- North American box art (Super NES version)
- Developer: Sculptured Software
- Publisher: Tecmo
- Composer: Rick Rhodes
- Platforms: Super NES Sega Genesis
- Release: Genesis: NA: October 15, 1994; Super NES: NA/JP: 1994;
- Genre: Professional baseball
- Modes: Single-player, multiplayer

= Tecmo Super Baseball =

1994 video game

Tecmo Super Baseball is a professional baseball video game that was released in 1994 for the Super NES and Sega Genesis gaming systems. It features all 28 MLB teams that existed at the time. However, the only license the game has is the MLBPA license. This means that while the game does feature actual players, there are no team names or logos. The teams wear uniforms without logos and are only named by their city (the teams that share the cities of Chicago and New York are separated by having either an A or N after their name, denoting their league).

The main menu theme is a cover of "Take Me Out to the Ball Game".

==Modes==

===Pre-season===
This is a single exhibition game between any two teams. The player can face the computer, play against another player, or let the computer go at it. In addition, there is the coach option, which allows the player to act as a manager. In this mode, the player selects what kind of pitches will be thrown and what kind of batting swings will be taken, but then lets the computer execute the actions.
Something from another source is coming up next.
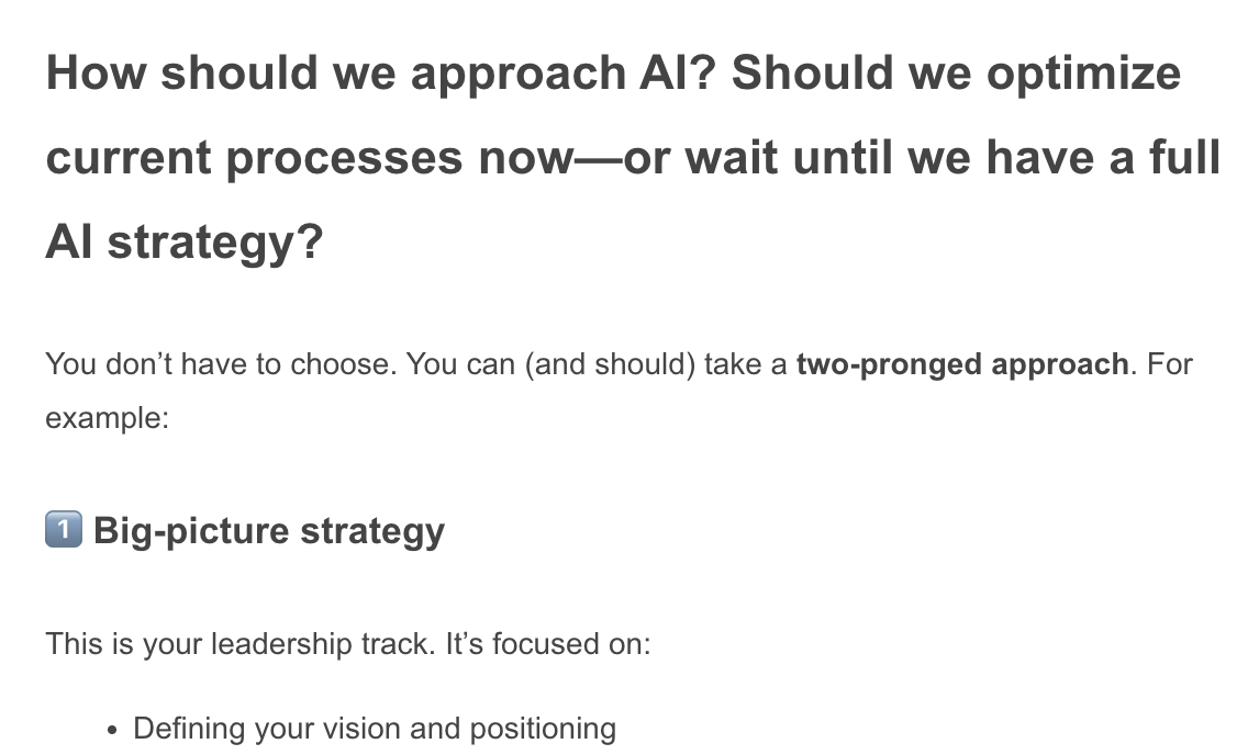 The outcomes of these two approaches may look similar. But by adopting a prompt library system that aligns with your current workflow, you can more seamlessly – and more effortlessly — incorporate AI into your day-to-day work.

Tecmo Super Baseball in action (SNES version)

===Regular season===
The player selects the status of all 28 teams (play, coach, watch, or skip) and goes through a complete season (the schedule is based on the 1994 season), ending with the playoffs and finally the World Championship Series. Along the way, stats are kept for every team and player in the league.

===Super Stars===
A game can be played between the Super Star teams (a copyright-free name for the All-Star teams). Players can use either the All-Star teams from 1993 or draft their own team.

===Team data===
Here, players can view all of the players' statistics from 1993, as well as their statistics for the game's current season, if one is in progress.

==Reception==
On release, Famicom Tsūshin scored the Super Famicom version of the game a 23 out of 40. GamePro called it "a statistics-filled gaming experience that also generates some real excitement." They complimented the large number of options, the high degree of control over the game, and the rendition of "Take Me Out to the Ball Game", though they felt that most of the game's music was mediocre.